Truffe agli anziani tra Roma e Latina: la Polizia di Stato di Gaeta arresta due giovani responsabili e recupera denaro e gioielli sottratti alle vittime
La Polizia di Stato di Gaeta, nell’ambito dell’attento monitoraggio del territorio finalizzato alla prevenzione e al contrasto dei reati predatori, ha tratto in arresto due soggetti, un 22enne di nazionalità rumena e un 18enne residente nel napoletano, ritenuti responsabili di truffe ai danni di persone anziane.

In particolare, nel pomeriggio del 4 marzo scorso, gli agenti del Commissariato di Pubblica Sicurezza di Gaeta, impegnati in servizio di controllo del territorio, hanno notato un’autovettura sospetta transitare a velocità sostenuta sul lungomare Caboto e hanno quindi proceduto al fermo del veicolo per un controllo.
A bordo dell’auto viaggiavano i due giovani che, sin da subito, hanno mostrato un atteggiamento nervoso. Nel corso degli accertamenti, uno dei due ha consegnato spontaneamente agli agenti una busta contenente denaro contante e numerosi monili in oro, ammettendo di aver appena perpetrato una truffa ai danni di un anziano nella provincia di Roma.

Gli immediati riscontri effettuati dagli operatori hanno consentito di accertare che, proprio in quelle ore, due persone anziane hanno formalizzato denuncia presso stazioni dei Carabinieri della provincia romana, precisamente a Pisoniano per truffe subite con modalità analoghe. Le vittime hanno descritto dettagliatamente sia i preziosi sottratti sia l’autore materiale del raggiro, successivamente riconosciuto tramite individuazione fotografica.

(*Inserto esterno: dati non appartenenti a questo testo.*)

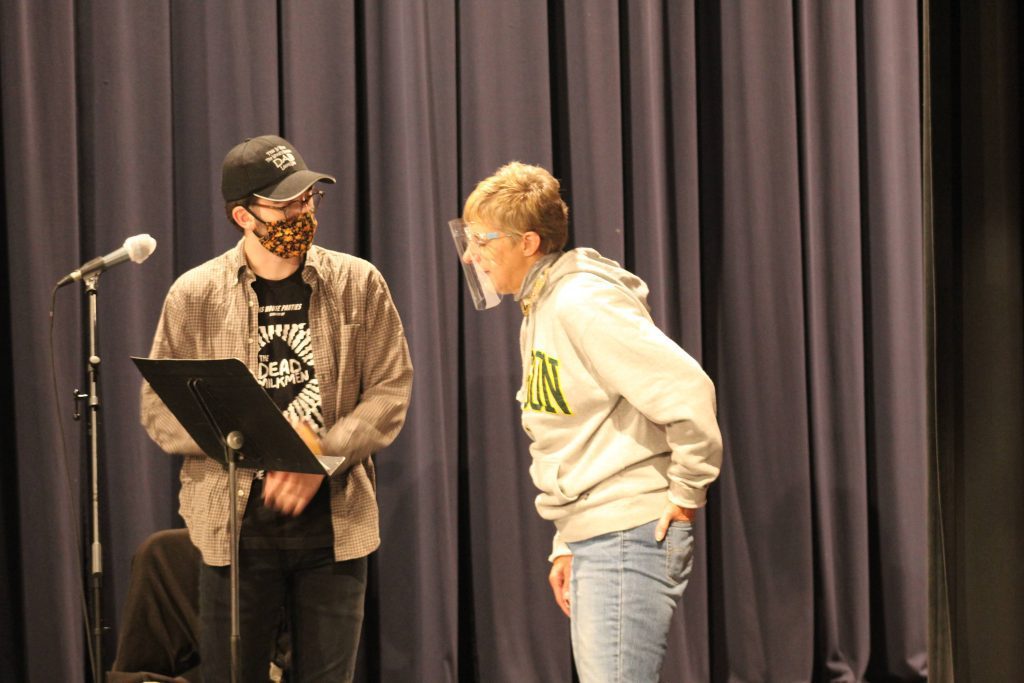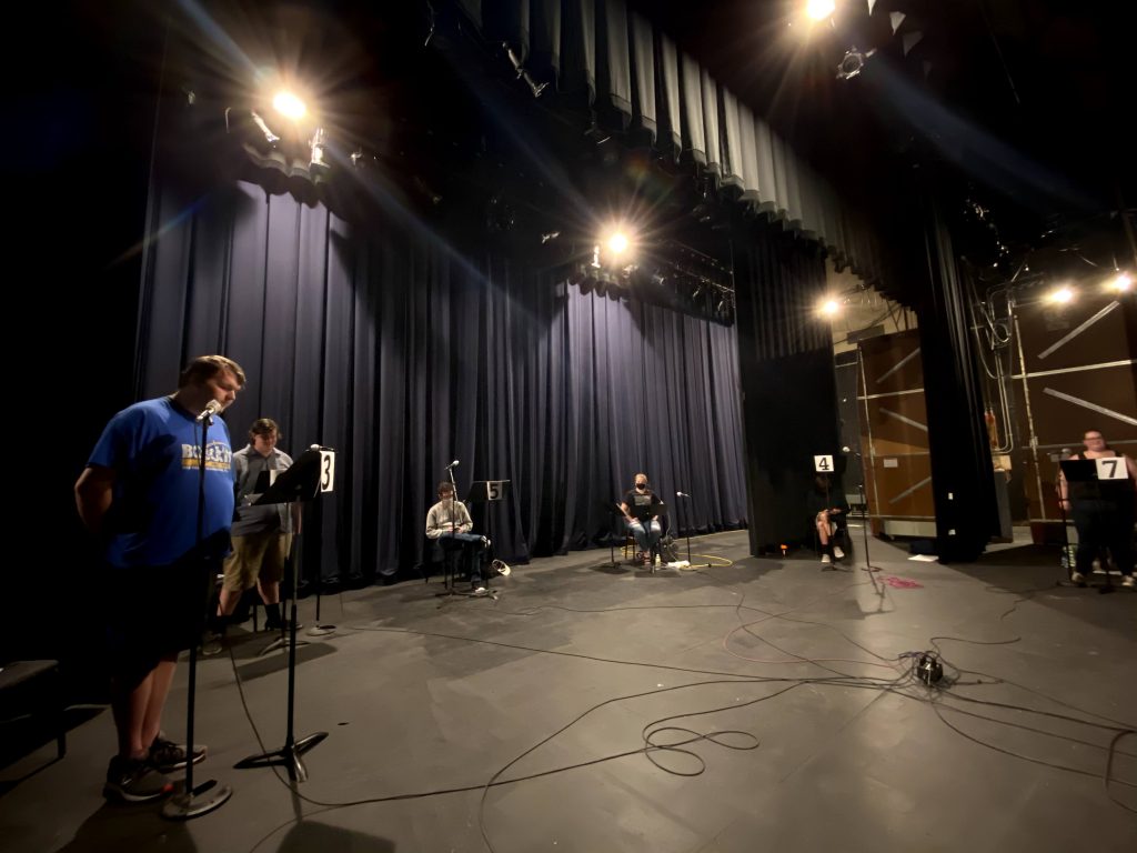 SAU Theatre Department’s recording the fall radio play Enemy of the People, including senior Luke Peterson (far left) .

La successiva perquisizione del veicolo ha inoltre permesso di rinvenire ulteriori oggetti preziosi e documenti risultati provento di un secondo episodio di truffa consumato sempre in provincia di Roma, a Cerreto Laziale, ai danni sempre di un’anziana.
Alla luce degli elementi raccolti e delle denunce presentate dalle persone offese, i due soggetti sono stati arrestati per il reato di truffa aggravata ai danni di persone anziane, con il sequestro della refurtiva, si tratta di denaro contante, oggetti preziosi e monili in oro del peso complessivo di oltre un chilogrammo.
Informata l’Autorità Giudiziaria competente, gli arrestati sono stati sottoposti alla misura degli arresti domiciliari in attesa dell’udienza di convalida, tutto il materiale sequestrato è stato consegnato ai legittimi proprietari.
La Procura della Repubblica di Cassino ha richiesto al giudice la convalida dell’arresto e l’adozione di una misura cautelare personale. Le richieste sono state accolte e, dopo la convalida dell’arresto, per i due indagati è stata applicata la misura cautelare del divieto di dimora nella provincia di Roma.